→ **Work item**: Exact output of all the records is required.

→ **Task data**:
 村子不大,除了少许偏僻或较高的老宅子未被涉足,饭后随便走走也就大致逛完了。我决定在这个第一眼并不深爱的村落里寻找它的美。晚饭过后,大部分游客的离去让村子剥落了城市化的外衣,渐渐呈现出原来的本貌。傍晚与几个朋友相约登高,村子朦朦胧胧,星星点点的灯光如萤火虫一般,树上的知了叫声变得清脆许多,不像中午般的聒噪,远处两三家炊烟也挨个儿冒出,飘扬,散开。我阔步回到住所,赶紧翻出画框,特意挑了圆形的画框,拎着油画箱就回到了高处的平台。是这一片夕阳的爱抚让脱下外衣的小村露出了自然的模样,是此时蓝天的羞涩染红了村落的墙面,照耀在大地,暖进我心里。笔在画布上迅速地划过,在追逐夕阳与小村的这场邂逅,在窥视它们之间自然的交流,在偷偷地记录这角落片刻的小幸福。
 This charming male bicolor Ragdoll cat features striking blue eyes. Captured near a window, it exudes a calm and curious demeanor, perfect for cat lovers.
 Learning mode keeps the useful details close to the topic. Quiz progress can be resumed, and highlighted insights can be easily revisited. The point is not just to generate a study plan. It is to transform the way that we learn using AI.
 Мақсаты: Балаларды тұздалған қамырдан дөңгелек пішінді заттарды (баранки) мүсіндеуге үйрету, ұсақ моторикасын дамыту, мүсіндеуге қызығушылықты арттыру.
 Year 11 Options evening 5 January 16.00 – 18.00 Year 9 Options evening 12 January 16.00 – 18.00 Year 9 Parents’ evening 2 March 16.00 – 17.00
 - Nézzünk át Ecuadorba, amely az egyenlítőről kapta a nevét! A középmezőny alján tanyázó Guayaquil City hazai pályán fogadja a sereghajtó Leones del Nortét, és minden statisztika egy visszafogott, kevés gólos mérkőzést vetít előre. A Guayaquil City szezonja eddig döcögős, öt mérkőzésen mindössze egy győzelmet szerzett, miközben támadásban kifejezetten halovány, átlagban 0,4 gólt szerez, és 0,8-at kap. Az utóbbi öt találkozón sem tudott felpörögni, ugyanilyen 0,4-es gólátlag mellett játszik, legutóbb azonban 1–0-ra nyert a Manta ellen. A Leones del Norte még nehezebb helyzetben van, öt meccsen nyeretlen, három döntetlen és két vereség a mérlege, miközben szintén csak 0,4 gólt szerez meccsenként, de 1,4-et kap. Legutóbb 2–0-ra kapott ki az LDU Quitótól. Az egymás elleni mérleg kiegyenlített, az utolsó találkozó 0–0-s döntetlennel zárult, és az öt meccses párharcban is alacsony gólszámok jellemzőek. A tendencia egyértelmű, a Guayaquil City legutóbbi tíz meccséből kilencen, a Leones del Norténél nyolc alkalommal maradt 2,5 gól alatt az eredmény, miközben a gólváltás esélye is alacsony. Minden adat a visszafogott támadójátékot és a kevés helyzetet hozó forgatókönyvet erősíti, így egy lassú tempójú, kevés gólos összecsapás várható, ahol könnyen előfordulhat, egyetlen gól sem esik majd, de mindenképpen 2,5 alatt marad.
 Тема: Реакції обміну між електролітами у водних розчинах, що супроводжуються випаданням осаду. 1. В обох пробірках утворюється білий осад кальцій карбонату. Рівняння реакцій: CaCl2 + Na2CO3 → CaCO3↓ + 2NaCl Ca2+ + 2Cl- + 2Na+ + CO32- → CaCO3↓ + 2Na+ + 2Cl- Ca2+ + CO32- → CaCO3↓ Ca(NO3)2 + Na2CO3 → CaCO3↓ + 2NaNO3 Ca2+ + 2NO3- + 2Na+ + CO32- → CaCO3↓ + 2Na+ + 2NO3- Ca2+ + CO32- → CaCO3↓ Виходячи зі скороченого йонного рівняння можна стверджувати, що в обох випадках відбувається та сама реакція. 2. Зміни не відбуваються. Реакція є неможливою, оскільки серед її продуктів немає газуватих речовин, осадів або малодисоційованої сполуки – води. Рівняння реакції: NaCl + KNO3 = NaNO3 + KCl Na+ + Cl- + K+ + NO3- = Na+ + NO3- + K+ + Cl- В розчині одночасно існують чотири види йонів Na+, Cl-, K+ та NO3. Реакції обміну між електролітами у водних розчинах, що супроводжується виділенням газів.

→ **Response**:
 村子不大,除了少许偏僻或较高的老宅子未被涉足,饭后随便走走也就大致逛完了。我决定在这个第一眼并不深爱的村落里寻找它的美。晚饭过后,大部分游客的离去让村子剥落了城市化的外衣,渐渐呈现出原来的本貌。傍晚与几个朋友相约登高,村子朦朦胧胧,星星点点的灯光如萤火虫一般,树上的知了叫声变得清脆许多,不像中午般的聒噪,远处两三家炊烟也挨个儿冒出,飘扬,散开。我阔步回到住所,赶紧翻出画框,特意挑了圆形的画框,拎着油画箱就回到了高处的平台。是这一片夕阳的爱抚让脱下外衣的小村露出了自然的模样,是此时蓝天的羞涩染红了村落的墙面,照耀在大地,暖进我心里。笔在画布上迅速地划过,在追逐夕阳与小村的这场邂逅,在窥视它们之间自然的交流,在偷偷地记录这角落片刻的小幸福。
 This charming male bicolor Ragdoll cat features striking blue eyes. Captured near a window, it exudes a calm and curious demeanor, perfect for cat lovers.
 Learning mode keeps the useful details close to the topic. Quiz progress can be resumed, and highlighted insights can be easily revisited. The point is not just to generate a study plan. It is to transform the way that we learn using AI.
 Мақсаты: Балаларды тұздалған қамырдан дөңгелек пішінді заттарды (баранки) мүсіндеуге үйрету, ұсақ моторикасын дамыту, мүсіндеуге қызығушылықты арттыру.
 Year 11 Options evening 5 January 16.00 – 18.00 Year 9 Options evening 12 January 16.00 – 18.00 Year 9 Parents’ evening 2 March 16.00 – 17.00
 - Nézzünk át Ecuadorba, amely az egyenlítőről kapta a nevét! A középmezőny alján tanyázó Guayaquil City hazai pályán fogadja a sereghajtó Leones del Nortét, és minden statisztika egy visszafogott, kevés gólos mérkőzést vetít előre. A Guayaquil City szezonja eddig döcögős, öt mérkőzésen mindössze egy győzelmet szerzett, miközben támadásban kifejezetten halovány, átlagban 0,4 gólt szerez, és 0,8-at kap. Az utóbbi öt találkozón sem tudott felpörögni, ugyanilyen 0,4-es gólátlag mellett játszik, legutóbb azonban 1–0-ra nyert a Manta ellen. A Leones del Norte még nehezebb helyzetben van, öt meccsen nyeretlen, három döntetlen és két vereség a mérlege, miközben szintén csak 0,4 gólt szerez meccsenként, de 1,4-et kap. Legutóbb 2–0-ra kapott ki az LDU Quitótól. Az egymás elleni mérleg kiegyenlített, az utolsó találkozó 0–0-s döntetlennel zárult, és az öt meccses párharcban is alacsony gólszámok jellemzőek. A tendencia egyértelmű, a Guayaquil City legutóbbi tíz meccséből kilencen, a Leones del Norténél nyolc alkalommal maradt 2,5 gól alatt az eredmény, miközben a gólváltás esélye is alacsony. Minden adat a visszafogott támadójátékot és a kevés helyzetet hozó forgatókönyvet erősíti, így egy lassú tempójú, kevés gólos összecsapás várható, ahol könnyen előfordulhat, egyetlen gól sem esik majd, de mindenképpen 2,5 alatt marad.
 Тема: Реакції обміну між електролітами у водних розчинах, що супроводжуються випаданням осаду. 1. В обох пробірках утворюється білий осад кальцій карбонату. Рівняння реакцій: CaCl2 + Na2CO3 → CaCO3↓ + 2NaCl Ca2+ + 2Cl- + 2Na+ + CO32- → CaCO3↓ + 2Na+ + 2Cl- Ca2+ + CO32- → CaCO3↓ Ca(NO3)2 + Na2CO3 → CaCO3↓ + 2NaNO3 Ca2+ + 2NO3- + 2Na+ + CO32- → CaCO3↓ + 2Na+ + 2NO3- Ca2+ + CO32- → CaCO3↓ Виходячи зі скороченого йонного рівняння можна стверджувати, що в обох випадках відбувається та сама реакція. 2. Зміни не відбуваються. Реакція є неможливою, оскільки серед її продуктів немає газуватих речовин, осадів або малодисоційованої сполуки – води. Рівняння реакції: NaCl + KNO3 = NaNO3 + KCl Na+ + Cl- + K+ + NO3- = Na+ + NO3- + K+ + Cl- В розчині одночасно існують чотири види йонів Na+, Cl-, K+ та NO3. Реакції обміну між електролітами у водних розчинах, що супроводжується виділенням газів.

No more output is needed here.